## [WHAT YOU SHOULD DO]
Since the listing below shows pictures, leave them out and write out exactly the lines from the line with "Pilot Iroshizuku Tsuki-yo" to the line with "on our site.", both included, and no others.

## [DATA IN THIS EXERCISE]
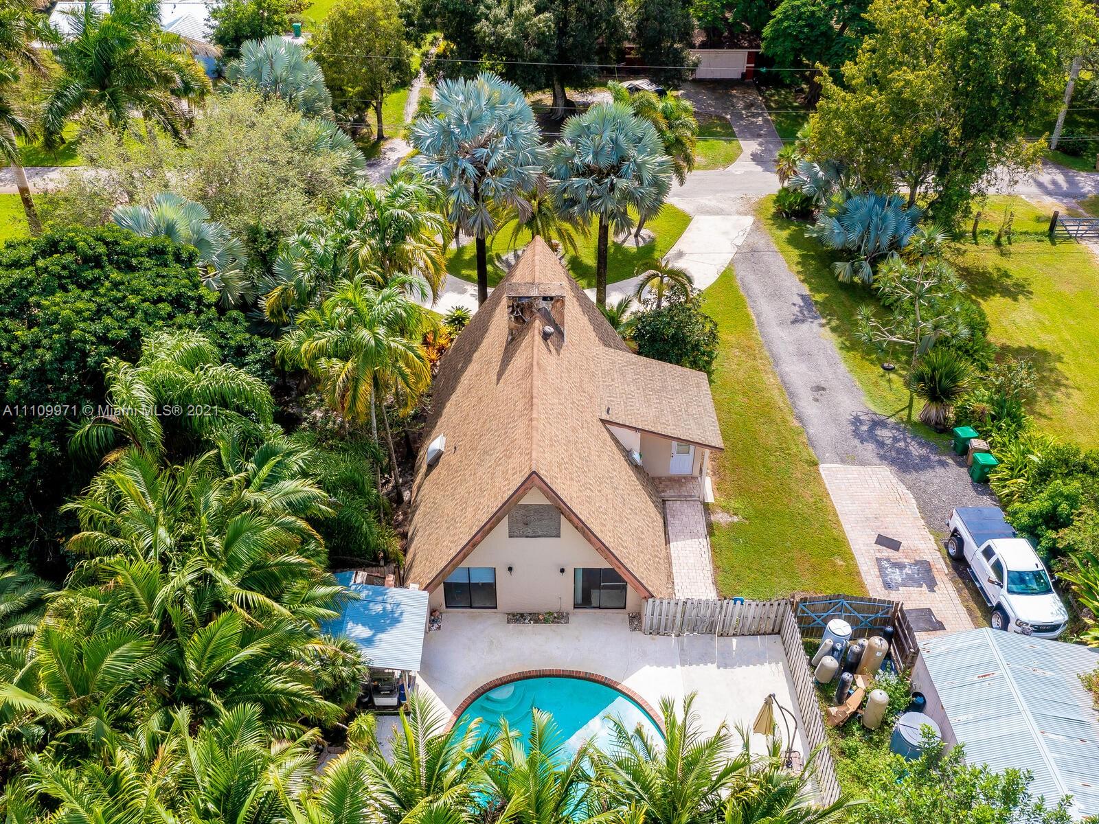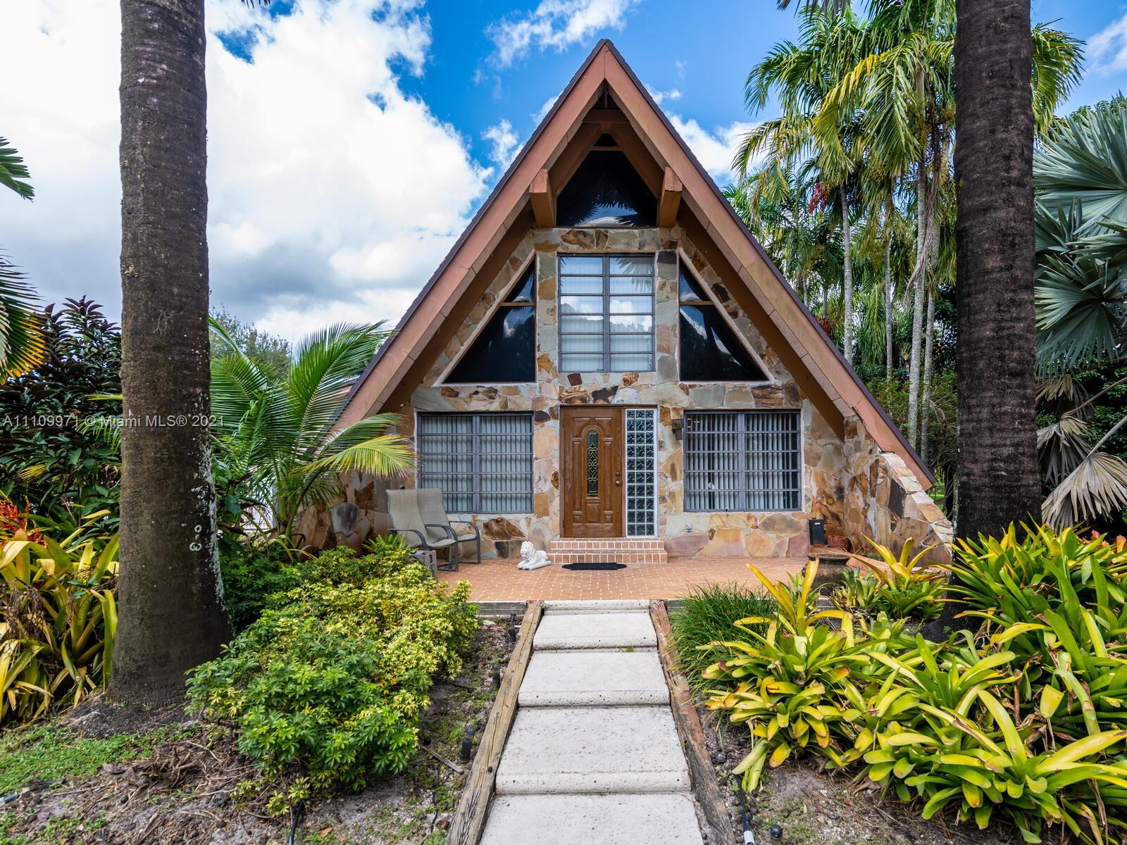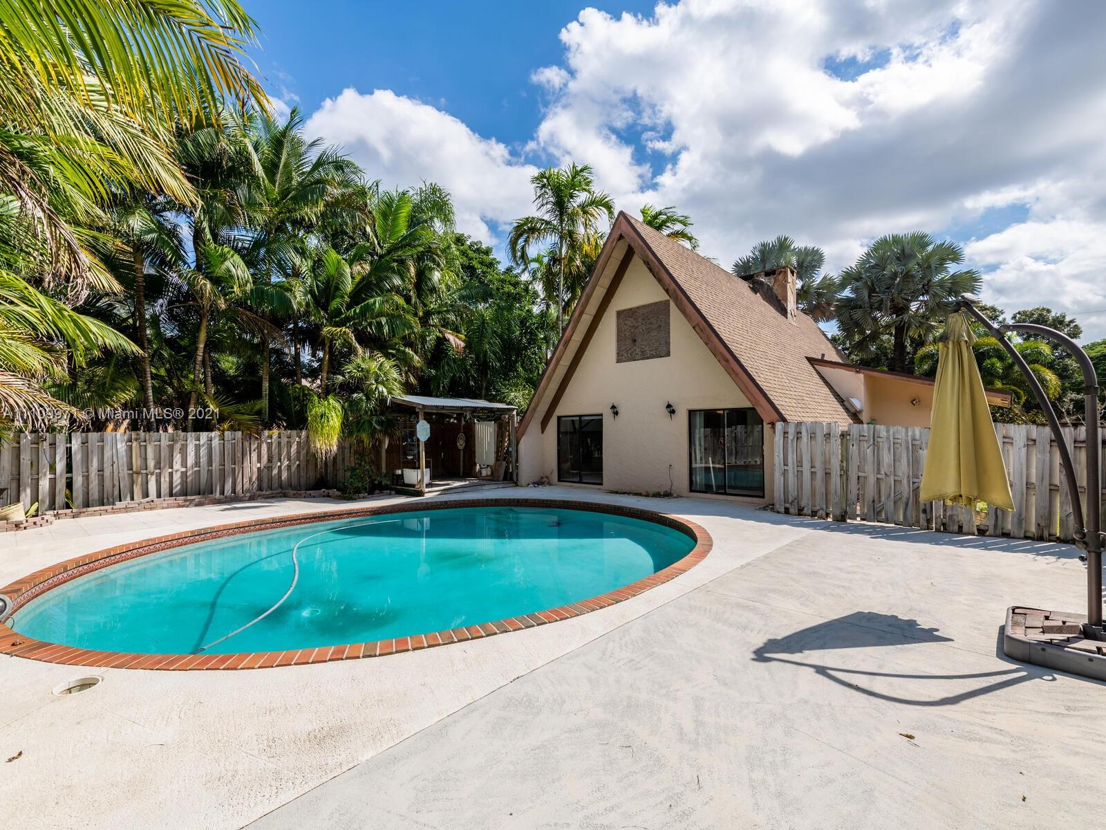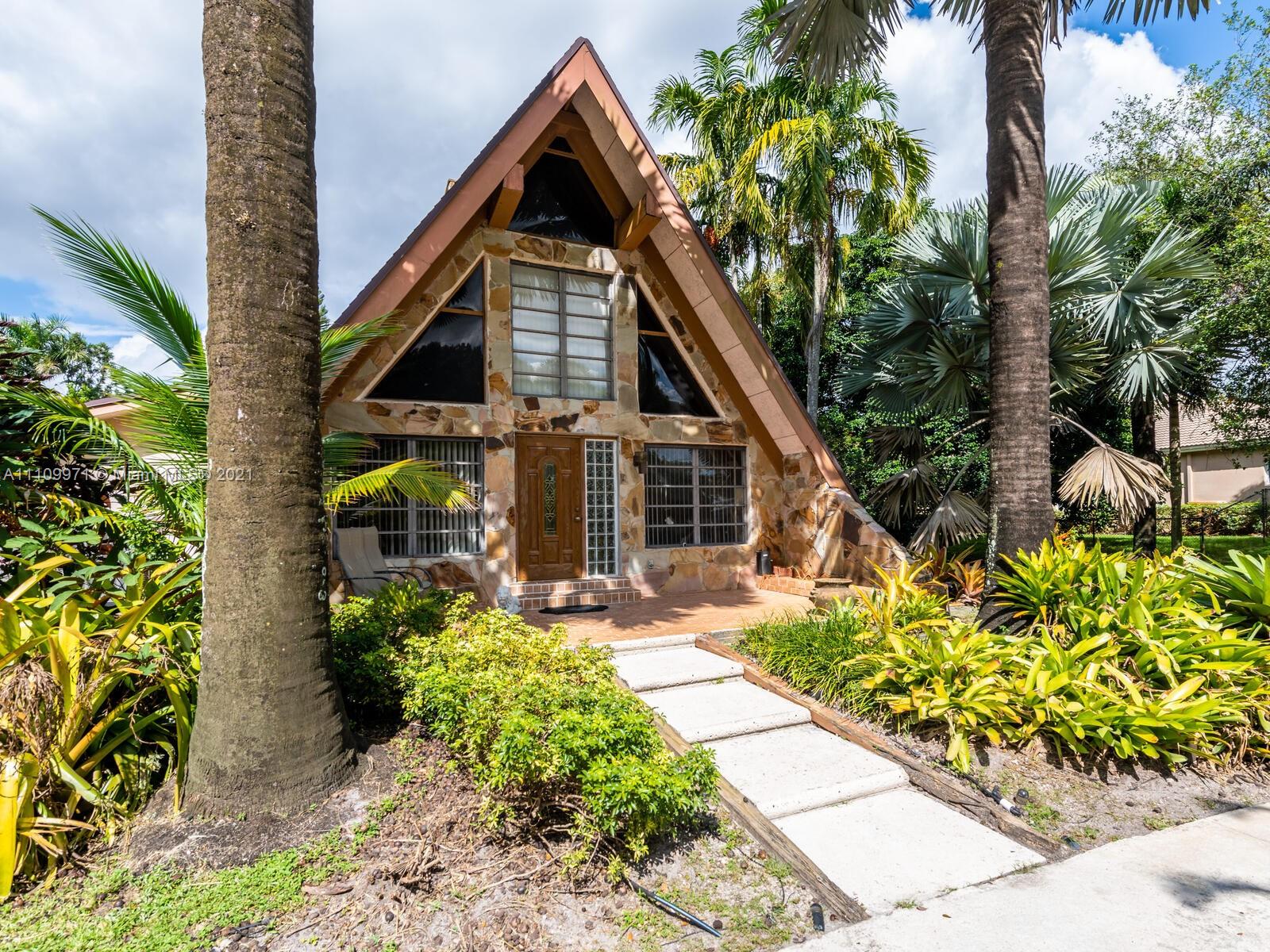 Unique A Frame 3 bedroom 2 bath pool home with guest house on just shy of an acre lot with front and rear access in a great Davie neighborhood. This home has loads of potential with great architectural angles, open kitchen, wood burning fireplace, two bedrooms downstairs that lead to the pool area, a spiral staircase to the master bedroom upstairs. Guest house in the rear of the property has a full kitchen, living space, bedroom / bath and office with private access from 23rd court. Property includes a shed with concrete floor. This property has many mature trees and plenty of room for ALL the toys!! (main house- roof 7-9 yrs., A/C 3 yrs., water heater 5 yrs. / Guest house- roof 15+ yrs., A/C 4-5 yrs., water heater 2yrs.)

* * *

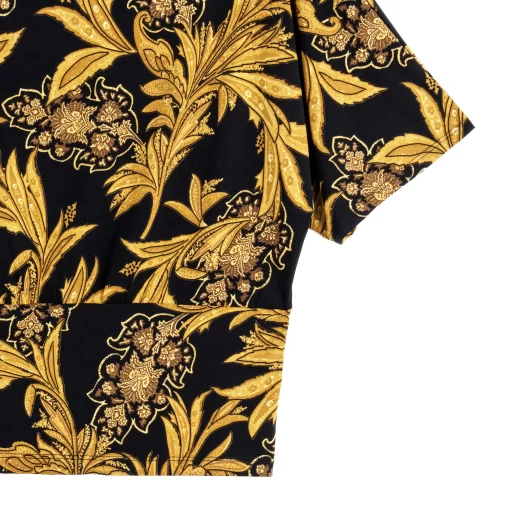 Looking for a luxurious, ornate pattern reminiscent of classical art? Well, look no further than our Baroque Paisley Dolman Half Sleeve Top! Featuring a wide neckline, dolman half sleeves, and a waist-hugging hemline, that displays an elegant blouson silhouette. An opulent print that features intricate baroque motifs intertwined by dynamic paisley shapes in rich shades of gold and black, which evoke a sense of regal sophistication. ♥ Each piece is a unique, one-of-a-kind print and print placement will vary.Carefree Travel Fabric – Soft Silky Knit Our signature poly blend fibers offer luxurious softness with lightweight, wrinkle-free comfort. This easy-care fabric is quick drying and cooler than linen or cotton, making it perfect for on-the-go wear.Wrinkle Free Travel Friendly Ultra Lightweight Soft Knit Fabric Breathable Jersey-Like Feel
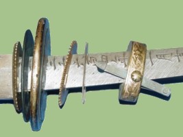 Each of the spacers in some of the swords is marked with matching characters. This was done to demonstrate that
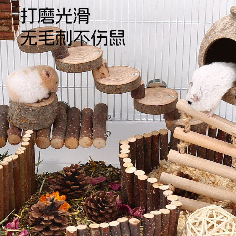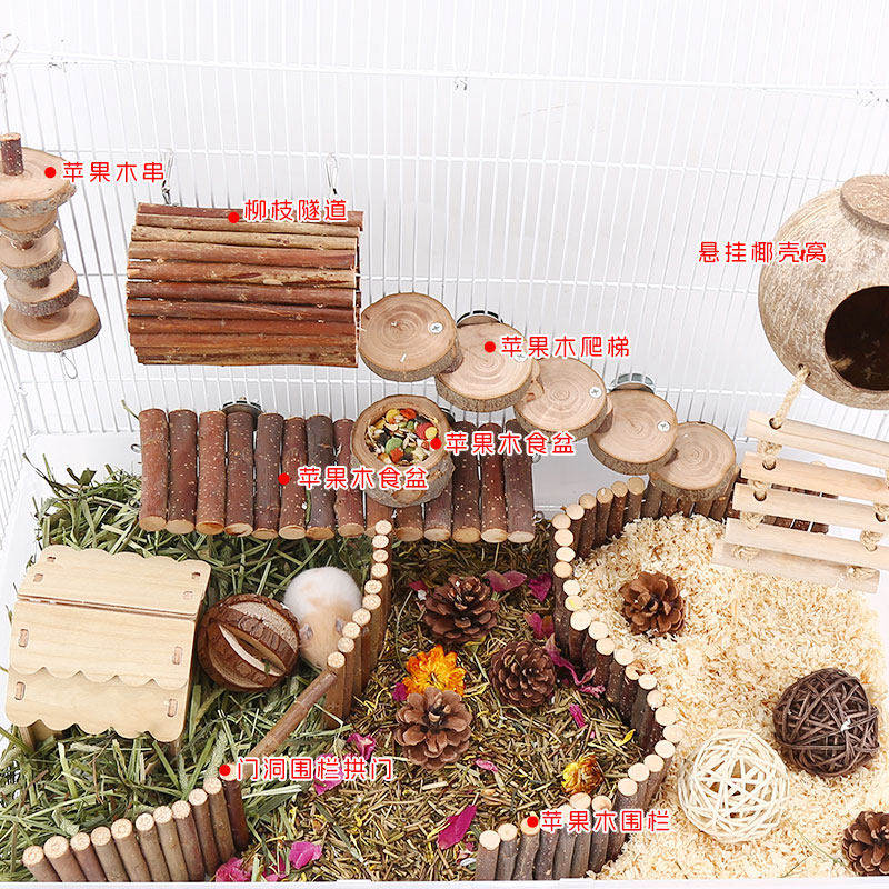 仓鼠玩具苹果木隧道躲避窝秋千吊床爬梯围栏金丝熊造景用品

==

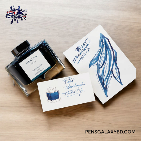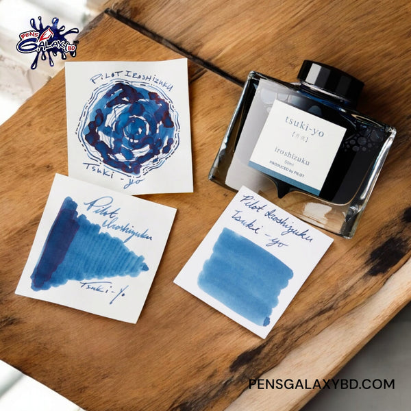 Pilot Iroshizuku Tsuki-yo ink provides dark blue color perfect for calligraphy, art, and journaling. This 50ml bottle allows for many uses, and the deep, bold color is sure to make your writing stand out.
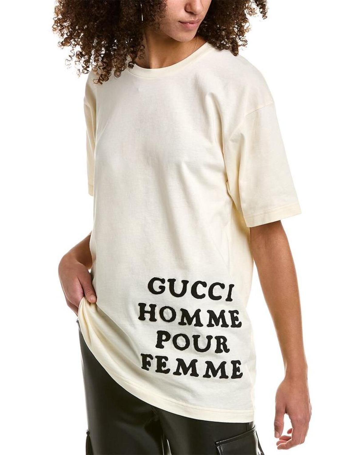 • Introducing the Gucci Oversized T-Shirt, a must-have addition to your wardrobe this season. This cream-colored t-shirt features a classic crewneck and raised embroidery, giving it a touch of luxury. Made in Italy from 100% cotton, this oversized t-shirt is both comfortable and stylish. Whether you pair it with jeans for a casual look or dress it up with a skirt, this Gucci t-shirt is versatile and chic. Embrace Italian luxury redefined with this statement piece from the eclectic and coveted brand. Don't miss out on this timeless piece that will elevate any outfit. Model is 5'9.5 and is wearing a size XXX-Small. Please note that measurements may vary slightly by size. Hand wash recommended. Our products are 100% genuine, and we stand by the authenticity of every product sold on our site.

## [SOLUTION TO THE PROBLEM]
 Pilot Iroshizuku Tsuki-yo ink provides dark blue color perfect for calligraphy, art, and journaling. This 50ml bottle allows for many uses, and the deep, bold color is sure to make your writing stand out.
 • Introducing the Gucci Oversized T-Shirt, a must-have addition to your wardrobe this season. This cream-colored t-shirt features a classic crewneck and raised embroidery, giving it a touch of luxury. Made in Italy from 100% cotton, this oversized t-shirt is both comfortable and stylish. Whether you pair it with jeans for a casual look or dress it up with a skirt, this Gucci t-shirt is versatile and chic. Embrace Italian luxury redefined with this statement piece from the eclectic and coveted brand. Don't miss out on this timeless piece that will elevate any outfit. Model is 5'9.5 and is wearing a size XXX-Small. Please note that measurements may vary slightly by size. Hand wash recommended. Our products are 100% genuine, and we stand by the authenticity of every product sold on our site.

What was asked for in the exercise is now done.